EnergyOilPrice.comJun 16, 2026· 1 min read
Tanker Operators Cautious on Hormuz Return Despite Iran Deal Hopes

Major oil tanker operators are delaying a full return to the Strait of Hormuz, despite hopes for a U.S.-Iran deal. They require a "material" agreement and safety guarantees before committing to the critical chokepoint, implying continued elevated shipping costs and potential energy price impacts.

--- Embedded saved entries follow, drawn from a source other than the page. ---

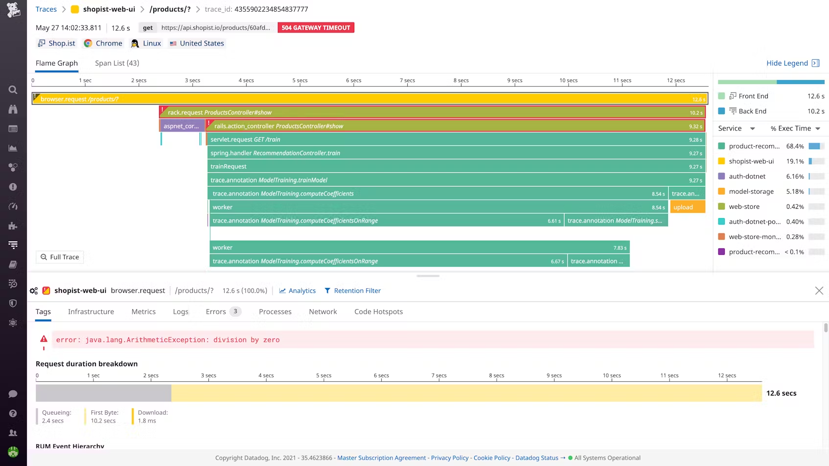 트레이싱은 APM (Application Performace Monitoring)툴들을 사용해보셨으면 본적이 있을겁니다. Elastic APM, DataDog, Sentry, NewRelic등 APM을 사용해보시면 이런 페이지를 보신적 있을겁니다.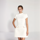 Deze korte jurk heeft een getailleerde snit die de silhouet met elegantie benadrukt. De fijn versierde zakken geven een vleugje subtiele verfijning, ideaal voor een chique en moderne look.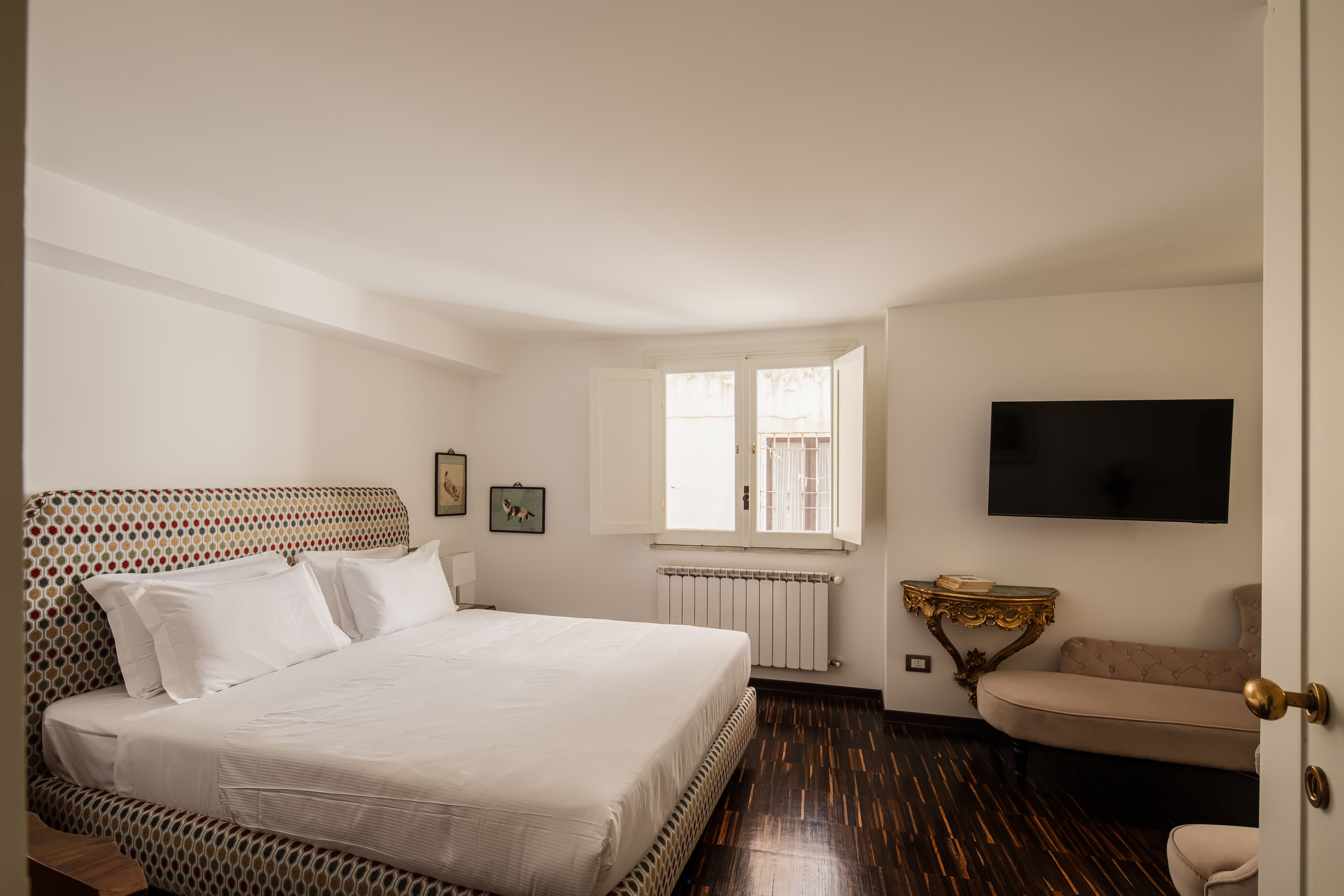 With an address in the heart of Rome on the beautiful Via Di Monserrato, you’ll be a short walk to the River Tiber and the Campo de' Fiori. Also within walking distance is the Museo di Roma and plenty of restaurants, cafes and shops. The apartment itself is spread over two floors – there’s a mezzanine library which also houses a sofa bed for guests five and six. There’s also a small terrace off the kitchen diner – the well-equipped kitchen is ideal for creating some classic Roman dishes too.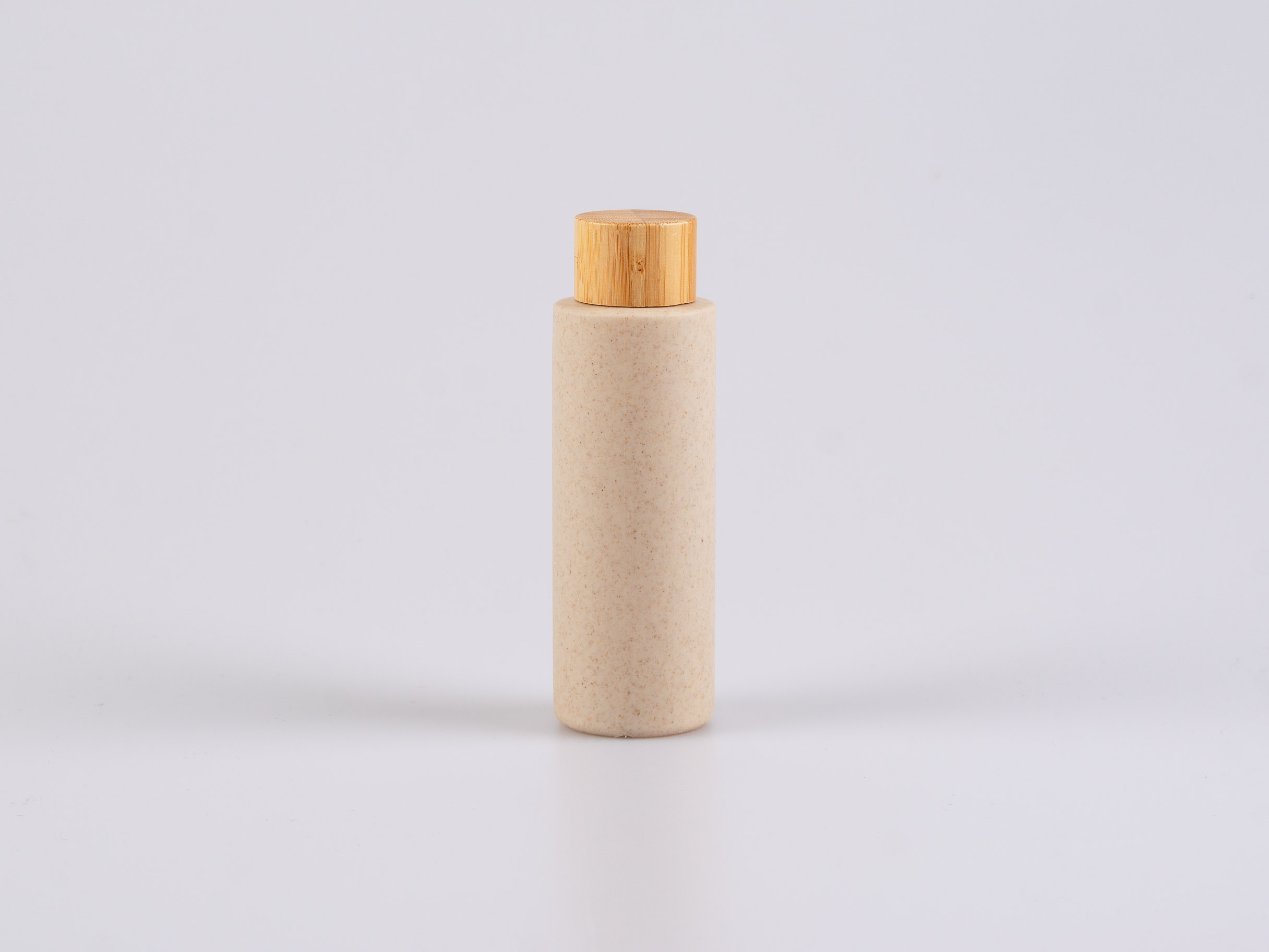Diese Flasche ist ein biologisch abbaubarer Kosmetikbehälter aus Weizenfasern.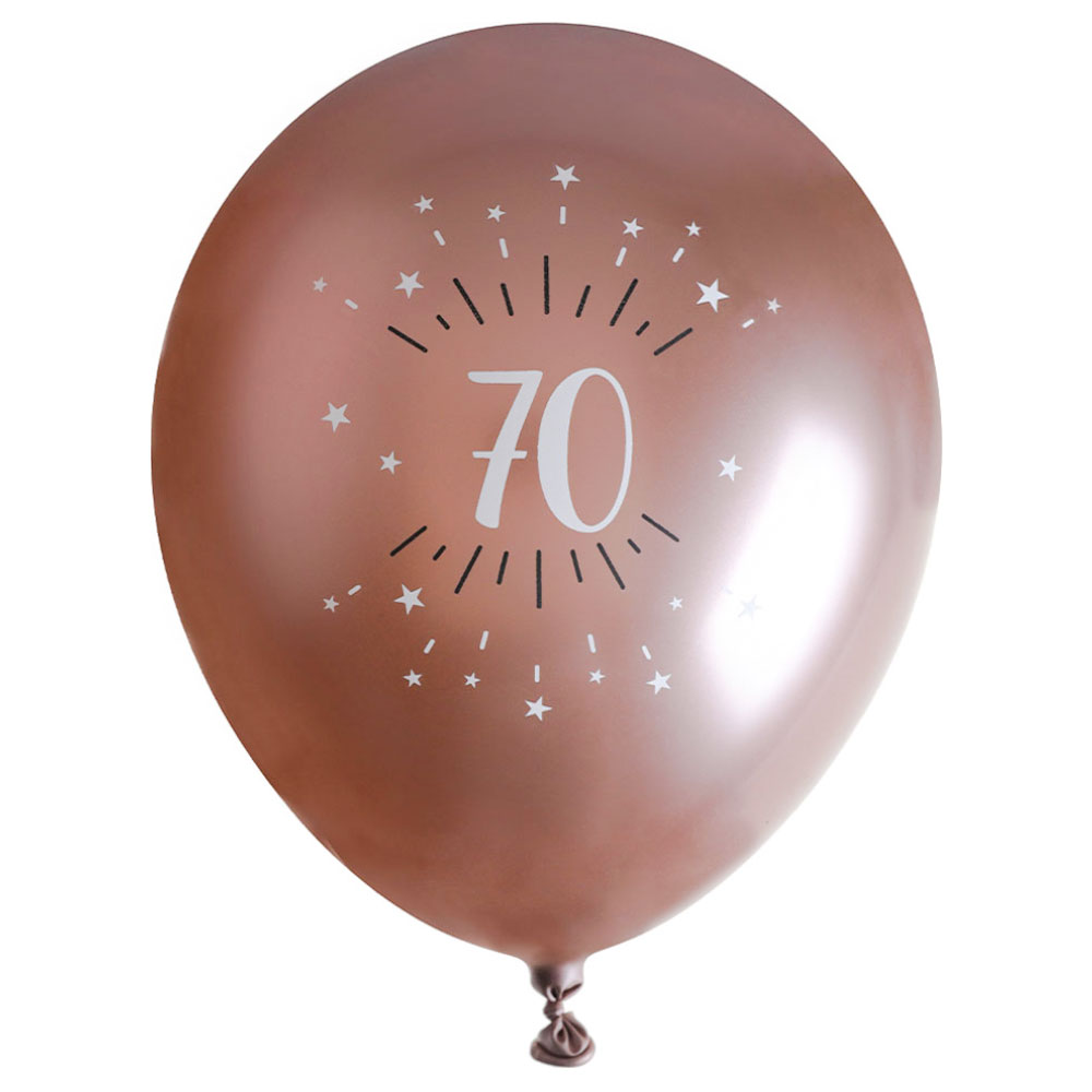 Ballonger 70 År Birthday Party Roseguld omfattar 6 stycken roseguldiga ballonger med dekorativt 70-års motiv. Ballongerna fylls med luft eller helium och blir ca 30 cm stora.

Despite renewed optimism stemming from potential U.S.-Iran negotiations, major oil tanker operators are exercising caution regarding a full return to the Strait of Hormuz. Industry leaders, including Mitsui OSK Lines (MOL), the world's largest tanker operator, are indicating that mere diplomatic developments are insufficient to trigger a swift resumption of normal operations in the critical chokepoint. Operators are seeking concrete, "material" agreements and robust safety guarantees before committing their vessels and crews.

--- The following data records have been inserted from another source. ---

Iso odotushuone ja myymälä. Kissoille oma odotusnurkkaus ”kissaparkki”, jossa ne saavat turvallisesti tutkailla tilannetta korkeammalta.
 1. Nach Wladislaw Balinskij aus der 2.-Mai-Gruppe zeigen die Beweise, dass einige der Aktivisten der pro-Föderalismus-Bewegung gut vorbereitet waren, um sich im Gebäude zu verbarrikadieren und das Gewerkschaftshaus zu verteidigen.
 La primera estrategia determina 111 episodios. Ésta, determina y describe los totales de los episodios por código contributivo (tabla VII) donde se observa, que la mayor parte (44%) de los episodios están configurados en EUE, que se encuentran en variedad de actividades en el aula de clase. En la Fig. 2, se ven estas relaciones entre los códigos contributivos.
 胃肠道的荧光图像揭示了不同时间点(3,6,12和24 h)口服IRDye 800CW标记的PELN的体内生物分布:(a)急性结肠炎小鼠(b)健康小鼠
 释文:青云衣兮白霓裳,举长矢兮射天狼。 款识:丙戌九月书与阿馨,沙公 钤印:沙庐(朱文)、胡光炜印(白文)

The Strait of Hormuz, a vital passageway for a significant portion of the world's seaborne oil and liquefied natural gas (LNG) shipments, has been a flashpoint for geopolitical tensions, leading to heightened security risks and disrupted shipping flows. Previous incidents have led to increased insurance premiums, re-routing of vessels, and elevated operational costs for energy transporters.
Jotaro Tamura, CEO of MOL, articulated the industry's position, emphasizing the need for tangible assurances beyond speculative political agreements. This cautious stance reflects the high stakes involved for tanker operators, which bear considerable financial and safety risks when navigating volatile regions. The economic implications of sustained caution include potentially prolonged elevated shipping costs and insurance premiums, which could translate into higher energy prices for end-consumers.

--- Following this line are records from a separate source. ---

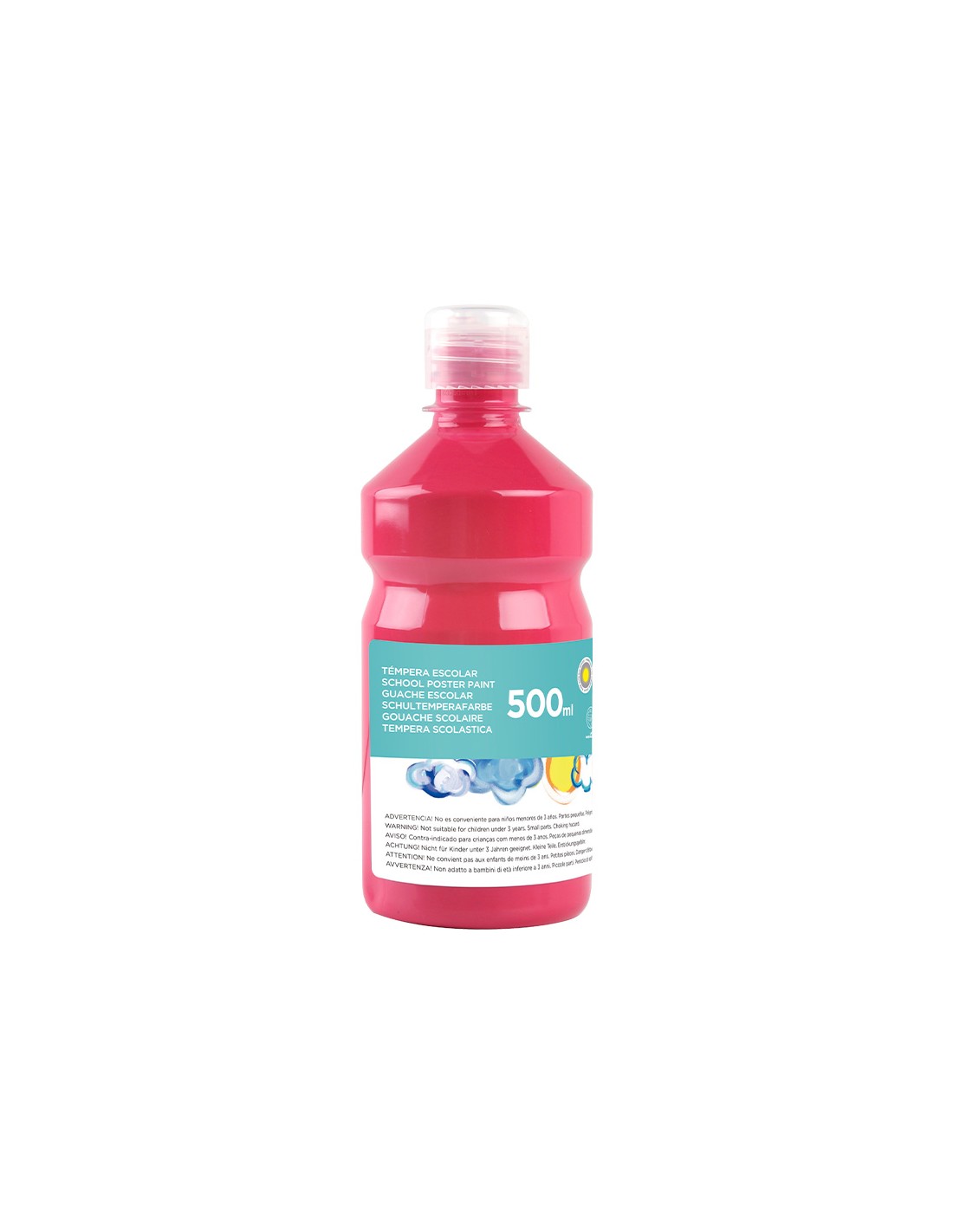 Témpera escolar. Ideal para uso escolar. Adecuada a partir de los 3 años de edad. Superlavable. Con cierre de seguridad. Colores brillantes. La botella de 500 ml.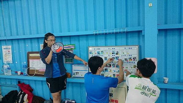 *照片說明:唱名的人搭配手勢指示讓旁人移動磁鐵的時候能更有效率*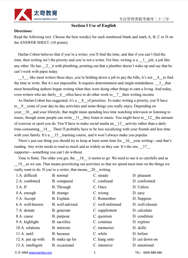 今天太奇小編為大家整理了2022年考研英語(二)真題,考試答案在文章最后,祝大家今年考試順利,考上自己心儀的院校。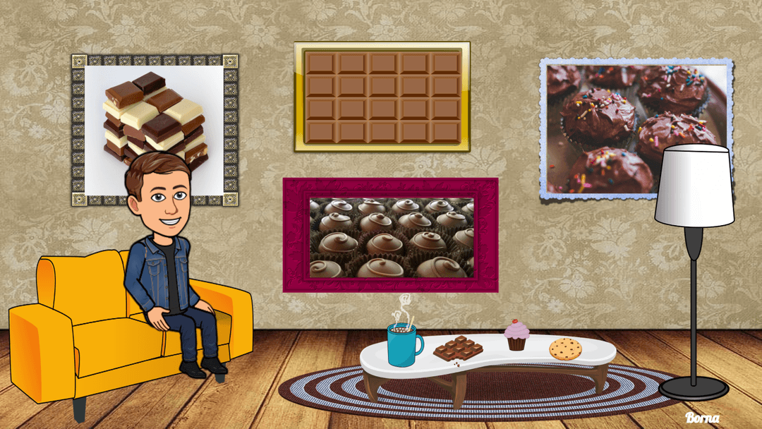 Du wirst einen virtuellen Raum mit „Schokolade“ für deinen Avatar/Bitmoji erstellen. Die Anweisungen zum Erstellen des Raums findest du im Video auf Englisch. Wir werden alle zusammen in einer GoogleSlides-Präsentation arbeiten also wähle deinen Slide und erstelle deinen virtuellen Raum mit „Schokolade“ einschließlich:

The reluctance of operators to immediately re-enter the strait suggests that while the prospect of an Iran deal may alleviate some geopolitical pressure, the underlying security concerns persist. The global energy supply chain remains sensitive to perceived risks in key transit areas, highlighting the intricate link between geopolitical stability and commodity market efficiency.
Analyst's Take
The prolonged caution from tanker operators suggests that geopolitical risk premium embedded in shipping rates may not dissipate quickly, even with a formal Iran deal. This implies that the 'peace dividend' for energy markets, particularly for oil and LNG, could be delayed or smaller than anticipated, as the market may be underpricing the cost of lingering security concerns and the time it takes for industry confidence to rebuild.